KARACHI: Regional health officers to be posted across province



By Our Staff Reporter


KARACHI, July 6: It has officially been announced that the Sindh health department will shortly post five regional officers across the province to monitor the execution of various health projects and healthcare facilities operating at the local level.

Sources have told Dawn that the aim is to reduce the load on the Sindh director-general health as well as provide support to the executive district officers (health), who find it difficult to divide their attention between the administrative and healthcare delivery aspects of their work.

The regional directors will be stationed in Karachi, Hyderabad, Sukker, Larkana and Mirpurkhas, and will between them cover the entire province.

Meanwhile, the Sindh health minister Syed Sardar Ahmed met with World Bank representative Shahnaz Qazi on Friday.

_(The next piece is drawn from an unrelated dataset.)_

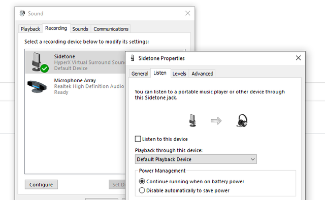 - Select the line in and get to the properties for that source, then click on the "Listen" tab at the top and make sure the "Listen to this device" check box is checked.

He confirmed that the appointment of the five regional directors was part of the effective monitoring and implementation of 16 ongoing health projects set up across the province with the support of international donors.

The minister said that the directors would play an important role in providing health facilities and medicines in both rural and urban areas. Noting that political influence affected the healthcare facilities available to poor and middle-income groups in remote areas, Mr Ahmed emphasised the need to establish committees at the local level to voluntarily monitor health units in their areas.

Ms Qazi was given details about various measures taken by the Sindh health department to improve the situation across the province, including rural incentive allowances to encourage doctors and paramedics working in the rural areas. The minister said that the government has started a public-private partnership project for remote areas, through which 10 basic health units are being run in collaboration with the Sindh Rural Health Organisation. He added that in the 2007-08 budget, substantial funds have been allocated for a hundred hospitals, including 60 in Karachi, which are currently non-functional because of the lack of staff, medicines and equipment.